Here's the beginning of the disassembly of exec_byte_code from
  "objdump -S bytecode.o":

  0000000000000020 <exec_byte_code>:
     executing BYTESTR.  */

  Lisp_Object
  exec_byte_code (Lisp_Object bytestr, Lisp_Object vector, Lisp_Object maxdepth,
  		Lisp_Object args_template, ptrdiff_t nargs, Lisp_Object *args)
  {
        20:	55                   	push   %rbp
        21:	48 89 e5             	mov    %rsp,%rbp
        24:	41 57                	push   %r15
        26:	41 56                	push   %r14
        28:	41 55                	push   %r13
        2a:	41 54                	push   %r12
        2c:	49 89 ce             	mov    %rcx,%r14
        2f:	53                   	push   %rbx

So in the non-lexical-binding case the bytecode Lisp_Object is written
to the stack by the first instruction in exec_byte_code, and then during
the execution of 'my-gc' the breakpoint in mark_vectorlike stops at a
point with a much shorter backtrace which includes mark_stack and
mark_memory, and mark_memory's pp is pointing to the location on the
stack where $rbp was written. The bytecode object and constants vector
are consequently not freed, and no segfault happens.

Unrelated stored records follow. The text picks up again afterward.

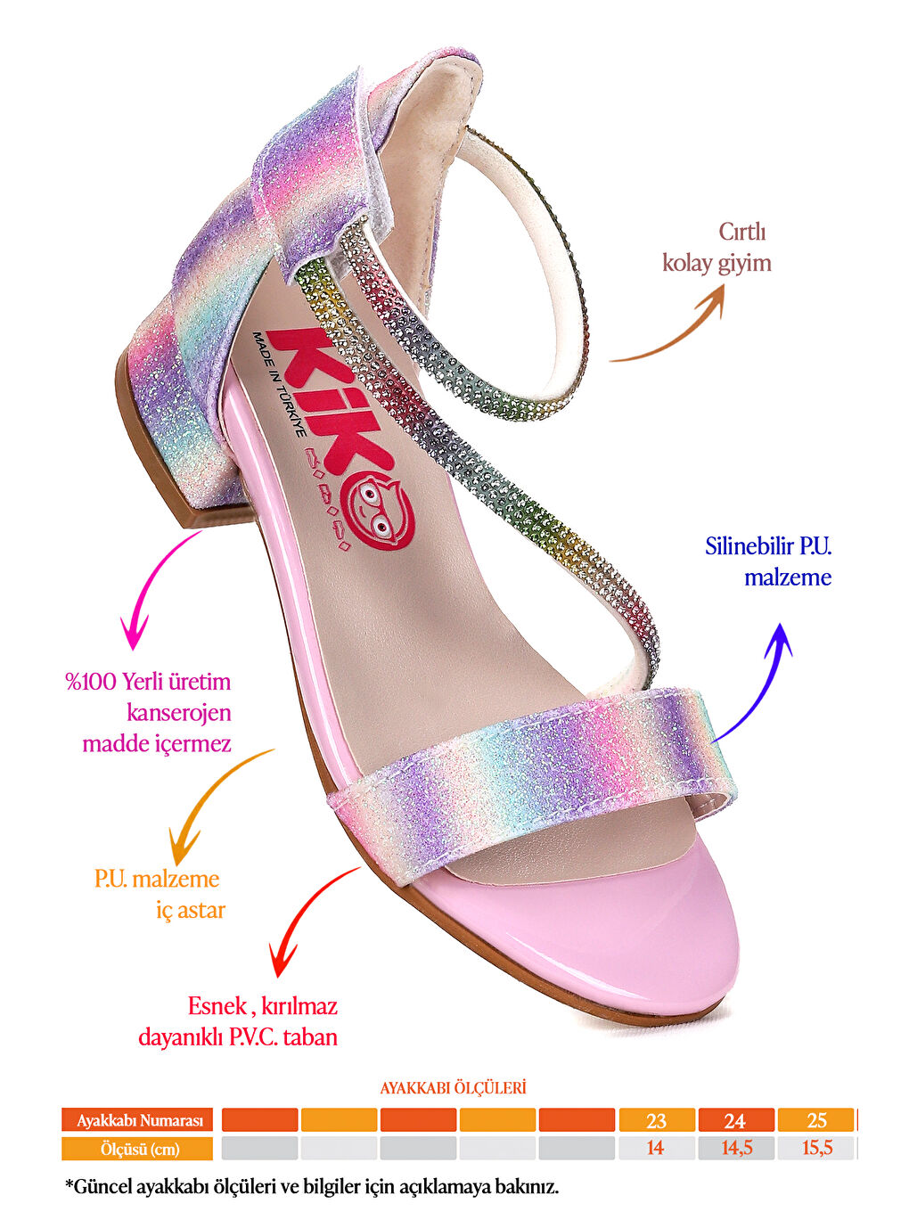 جنس بیرونی: میکروفیبر جنس داخلی: میکروفیبر جنس زیره: پی وی سی سبک توری: بند مچ پا اطلاعات طول: کاملاً برای اندازههای استاندارد پا قالبگیری شده است ارتفاع پاشنه: 2 سانتی متر ارتفاع زیره: 0.3 سانتی متر وزن هر جفت: 180 گرم اندازه گیری طول کفش داخلی 23: 14 سانتی متر 24: 14.5 سانتی متر 25: 15.5 سانتی متر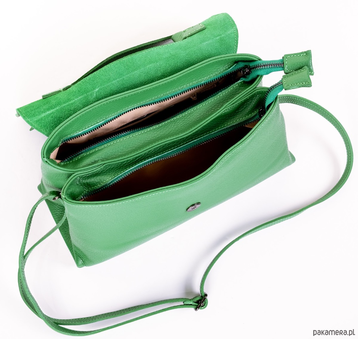 Elegancka torebka ze skóry naturalnej, do ręki lub przez ramię, mieści A4.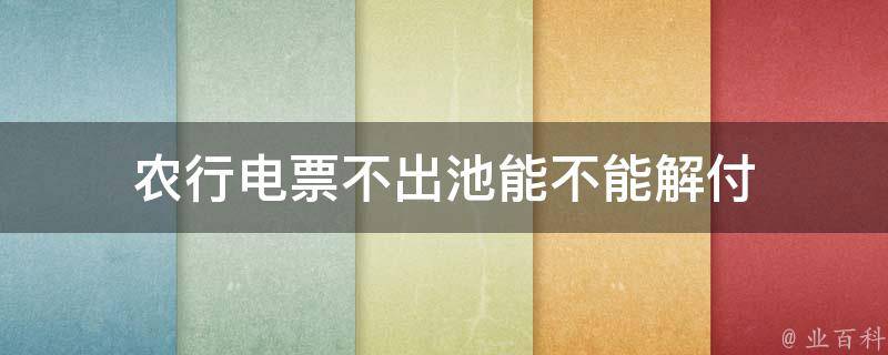 农行电票不出池不能解付,电子汇票通常是通过银行电子系统进行流转和结算的,如果电票未经出池,即未与其他金融机构进行联网对接和确认,那么在需要解付的情况下,可能无法实现支付。具体解付电票的操作和规定可能因地区、银行和相关合同的约束而有所不同。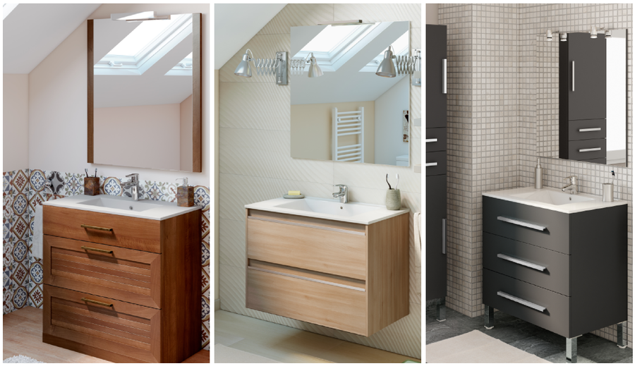 De esta forma, a la hora de escoger el mueble, lo normal es usar como principal referencia el espacio disponible. Así, podemos encontrar modelos de diferentes anchos, que van desde los 50 cm hasta los 120 cm. En cuanto al estilo, hay muchos entre los que escoger: directo al suelo, con patas, suspendidos, con cajones, con puertas, con acabado en brillo, en mate... En cualquier caso, debemos tener en cuenta que todos los muebles de baño deben ser hidrófobos, es decir, resistentes al agua.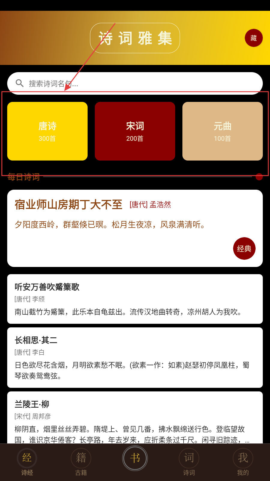1、进入【诗词雅集】,想读唐诗选黄色【唐诗-300首】,快速进入唐诗学习。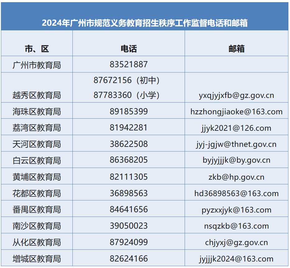 学生、家长如要获取招生信息,可通过广州市教育局官方网站(http://jyj.gz.gov.cn/)和微信公众号(广州教育)及各区政府网站和教育部门官方公众号获悉,切勿轻信微信、微博、抖音、小红书等各平台上的升学自媒体、培训机构、咨询公司等发布的中小学招生入学信息,以免误听误信造成经济损失,影响孩子正常入学升学。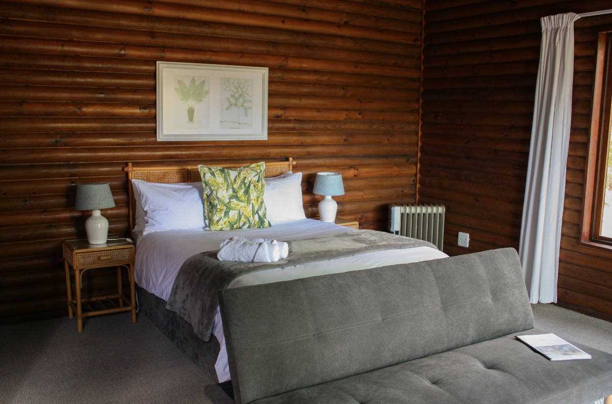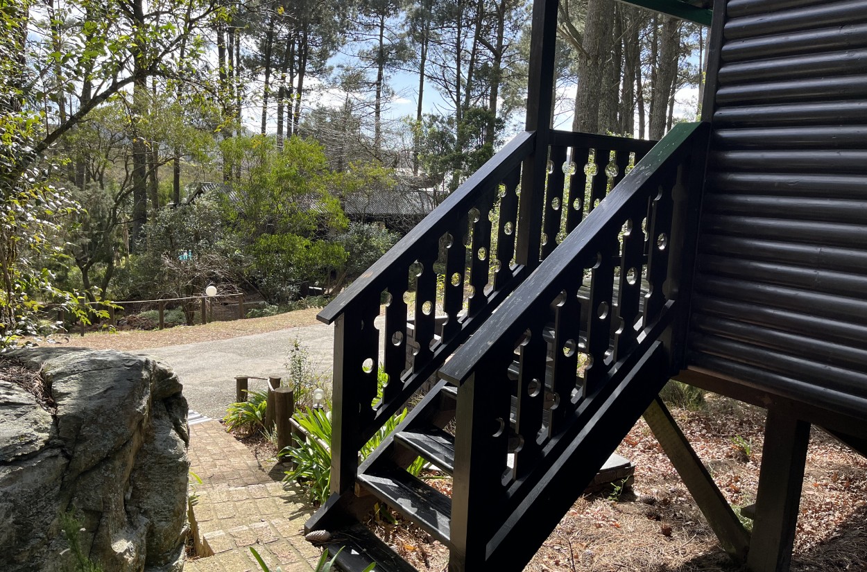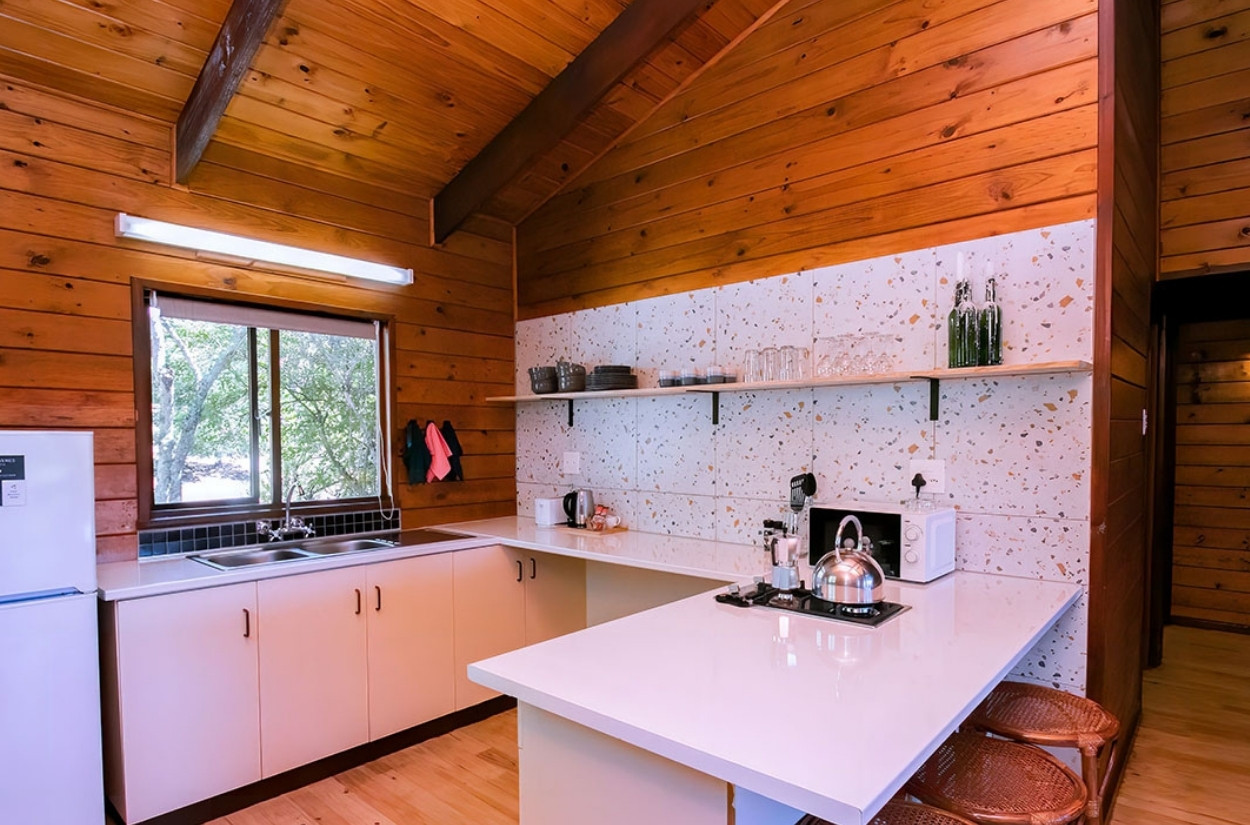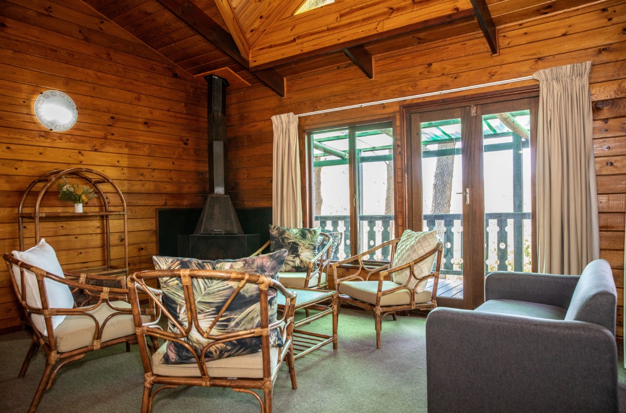 The over-night cabins are cute and cosy. Raised slightly above the ground and overlooking the lodge couples can start unwinding and fully embrace the overwhelming stature of the pine forest surrounding the cabins. Each unit has a large open plan bedroom and lounge with an en-suite bathroom. The timber finishes throughout the unit with its open rafters create a pleasant and warm mountain cabin experience.

I don't follow everything going on in the disassembly of funcall_lambda,
but I did figure out (by comparison with a debug session in the
multithreaded situation) that the different values in $rbp when
funcall_lambda calls exec_byte_code depend on the different code paths
following the test of whether the first element of the bytecode object
vector (the "args template" as funcall_lambda's comment calls it) is an
integer, which in turn depends on whether my-loop-1 was compiled with
lexical-binding on.

Here is 'repro.el':

[repro.el (text/plain, inline)]
;;;  -*- lexical-binding: t -*-
(defvar my-var "ok")
(defun my-loop-1 ()
  (let ((val 0))
    (while t
      (insert "Now in recursive edit\n")
      (recursive-edit)
      (insert (format "Leaving recursive edit: %s\n" my-var))
      (let ((things '(a b c d e)))
	(cond ;
         ((= val 0) (message "foo: %s" (last things)))
         ((= val 1) (message "bar: %s" things))
         ((= val 2) (message "baz: %s" (car things)))
         (t (message "bop: %s" (nth 2 things))))
	(setq val (mod (1+ val) 3))))))

(defun my-loop ()
  (interactive)
  (redraw-display)
  (my-loop-1))

(defun my-gc-1 ()
  (garbage-collect))

(defun my-gc ()
  (interactive)
  (my-gc-1))

(provide 'repro)

Information forwarded to bug-gnu-emacs <at> gnu.org:
bug#33014; Package emacs. (Fri, 19 Oct 2018 20:06:03 GMT) Full text and rfc822 format available.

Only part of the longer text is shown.